Market Review
This October, the first bitcoin futures ETF was launched while Bitcoin rallied to a new all-time high. Long-term holders are taking modest profits, however, they have slowed their selling during the decline.
Bitcoin has rallied to a new all-time high this week following the launch of the ProShares Bitcoin Strategy ETF (ticker $BITO). The market broke above its previous high in April ($64,717) to reach a new high of $66,928. Since then, the market has undergone a correction, falling to a weekly low of $59,722.
The BITO ETF traded with more than $1.1 billion in assets under management in the first two days after its launch, surpassing the 18-year record set by the $GLD Gold ETF. During this pullback, selling by long-term holders appears to be slowing down as conviction returns.
Bitcoin Futures ETF Finally Gets Approval
Looking at the key messages throughout October, the headline news in the industry was the launch of the BITO ETF product, which utilizes CME futures contracts as the underlying. Open interest in CME contracts exploded in October, increasing by $3.95 billion (265%). This set a new all-time high of $5.44 billion for open interest in CME exchange futures.
Trading volume also reached a new high of $7.66 billion on Oct. 20, the day Bitcoin reached a new all-time high. Traders traded $490 million more on CME futures relative to the previous peak set in February 2021.
And on the same day that prices reached $66,000, funding rates in the perpetual swap futures market reached a new local high. This suggests that many traders established leveraged long positions in the excitement of the coin rally and ETF launch. The market quickly corrected in price during the boom and high leverage, and history repeated itself once again, removing excess leverage, hitting stops, and bringing funding rates back to lower levels. However, it is important to note that funds rates are still at similar levels as they were prior to the deleveraging in early September. The risk of further downward deleveraging of the currency remains as open futures contracts remain near all-time highs.
Finally, on a more constructive note in the derivatives market, the percentage of futures margin collateralized by volatile cryptocurrency assets continues to decline. Futures contracts collateralized by cryptocurrencies have fallen from 70.1% in April (at the time of the Coinbase IPO) to 44.6% today.

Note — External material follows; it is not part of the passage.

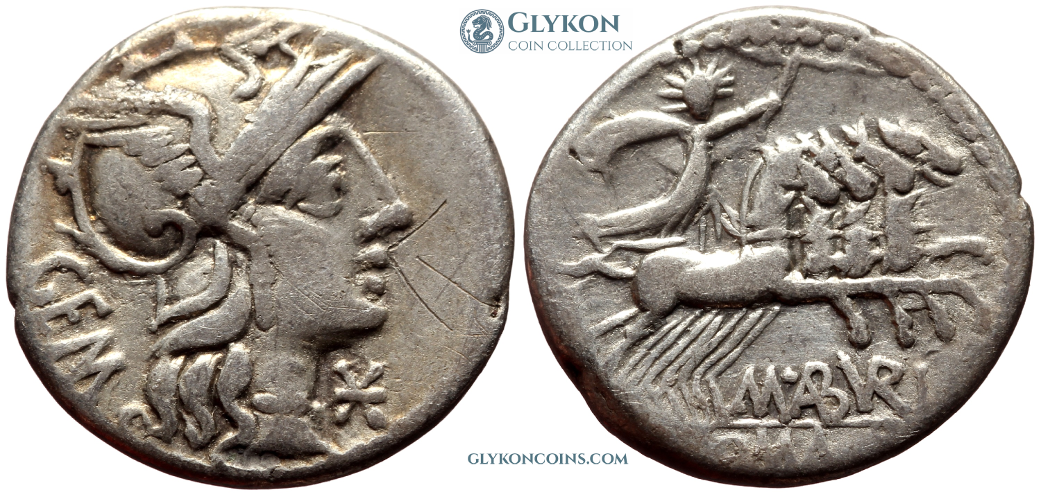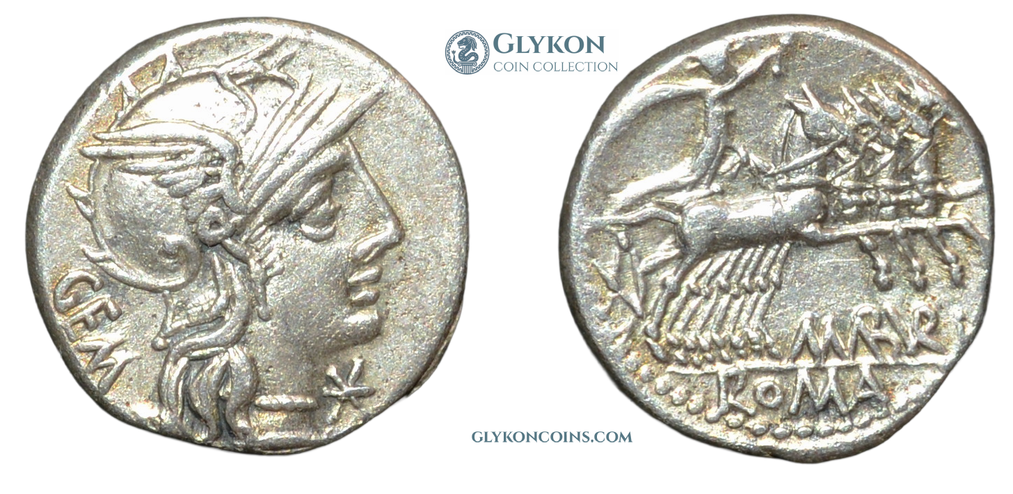 Obverse: Helmeted head of Roma to right, modius behind, star lower right. Reverse: Victory driving racing biga to right, holding reins and whip. Legend: C MAR C - ROMA, divided by two grain ears.

The flip side of this observation is that stablecoin or fiat collateral is now placed in 55.4% of open futures contracts (compared to 29.9% in April). The overall state of market leverage is healthier and price volatility in collateral is gradually declining in favor of stable value assets and fiat currencies.
Old Coins Start Moving
Early indications from some older coins are that the more experienced long-term holders (LTH) are selling for profit. This is typical behavior when coin prices reach around new highs, and a week after reaching new highs we can reassess the state of this trend. In the period that has passed this month, the supply of long-term holders has decreased by about 395,000 Bitcoins. The backdrop, however, is that all of this comes after an incredible period of accumulation and hoarding, where the supply of LTH holdings has increased by 2.42 million Bitcoins since the March lows.
The current LTH supply is 680,000 bitcoins higher than this time last year, and even after these weeks of selling, the supply is starting to reverse back up. This observation suggests that the LTH sell-off so far may be more of an “event” than a trend.
We can see that these old coins are moving in the Dormancy Indicator. The dormancy indicator shows the average number of coin days (lifetimes) destroyed per unit of bitcoin sold that day. This can usually be interpreted as follows.
l Higher values mean an older average age and usually indicate that older coins are being sold (typical in a bull market).
l Lower values imply a relatively young average age of Bitcoin, typical of bear markets and accumulation periods.
Based on the 2019–20 data, a pre-bull market dormancy baseline of about 50 days can be established, and this baseline provides a reference point to easily observe the composition of accumulation versus selling. Surprisingly, accumulation from May through September shows an extremely low dormancy value, with the value falling below the 25-day line (a strong accumulation signal) in mid-September. This indicator has risen slightly over the past two weeks but continues to float above and below the pre-bullish 50-day baseline, suggesting that the selling in LTH is relatively mild and not extreme.
Overall, a few long-term holders have started selling their Bitcoins to realize profits, as best reflected by the rising coin-day destruction. However, the rise in dormant and binary coin day destruction values remains fairly small relative to previous bull cycle selling and even STH has stopped selling in this correction. With LTH supply has started to recover, the most likely explanation is that the vast majority of Bitcoin holders are still expecting and waiting for higher prices.